The display field “estimation on query and execution result figures” includes the display item “estimated number of documents”, the display item “number documents (hit ratio)”, the display item “estimated number of query executions”, and the display item “number of query executions (hit ratio)”. The display item “estimated number of documents” indicates the number of documents expected to be obtained as the search results of the constructed query. The display item “number of documents (hit ratio)” indicates the number of documents actually obtained as the search results of the constructed query (search query), and also indicates the hit ratio to the estimated number of documents (the hit ratio of the number of obtained documents) in parentheses. The display item “estimated number of query executions” indicates the number of times the constructed query is expected to be executed to obtain the search results. The display item “number of query executions (hit ratio)” indicates the number of times the constructed query is actually executed to obtain the search results, and also indicates the hit ratio to the estimated number of query executions (the hit ratio of the number of query executions) in parentheses. Note that since the user interface display 300 displays the status at the time when the constructed query is not yet executed, “−” is displayed in each of the display item “number of documents (hit ratio)” and the display item “number of query executions (hit ratio)”.
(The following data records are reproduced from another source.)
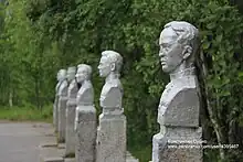 In addition to the title of Hero of the Soviet Union and the accompanying Order of Lenin, Galkin was twice awarded the Order of the Red Banner, on 27 January 1944, and 10 April 1944, the Order of the Patriotic War First Class on 11 March 1985, the Order of the Red Star, the Order "For Service to the Homeland in the Armed Forces of the USSR" Third Class, and various medals.[1] In addition to his military medals, he was also honoured with the unveiling of a bust at the Alley of Hero-Aviators of the Northern Fleet, at the Museum of Aviation of the Northern Fleet, in Safonovo, Murmansk Oblast.[4] This was one of 53 busts of Northern Fleet naval aviators who had been awarded the title of Hero of the Soviet Union.[1][10] He was interviewed by the Ryazan edition of Komsomolskaya Pravda in 2020, with the interviews serialized over four editions between July and August 2020.[2]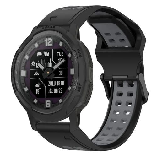 Para Garmin Instinct Crossover 22mm Correa de Reloj de Silicona con Hebilla Inversa de Dos Colores (Negro + Gris)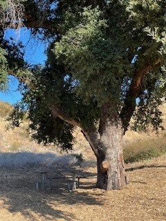 The last oakwe pass before taking the steep trail back up toward the parking lot boasts apicnic table beneath it. Maya waits patiently as I snap a photo… and I imaginemyself sitting down with a book or a notebook and a snack, whiling away a fewhours in the shade… in the quiet… in the solitude.

The display field “detailed figures of query elements” indicates the selected search terms, and also indicates, for each selected search term, the number of documents containing the search term among the sampling data, the estimated ratio, and the estimated number of documents. Further, the display field “detailed figures of query elements” indicates, for a combination of the selected search terms, the number of documents containing the combination, the estimated ratio, and the estimated number of documents.

The display field “constructed query and query execution” displays the item “constructed query” and the operation button “execute query”. The item “constructed query” displays the constructed search query including the selected search terms. The operation button. “execute query” allows the user to execute the search query.

Next, a user interface display after query execution will be described with reference to FIG. 29. FIG. 29 illustrates an example of a user interface display 310 after query execution according to the second embodiment.

The user interface display 310 is a display after a search query is executed by the user. The search terminal apparatus 51 acquires needed information including the search results from the search mediation server 10, and displays the user interface display 310 on the display of the search terminal apparatus 51.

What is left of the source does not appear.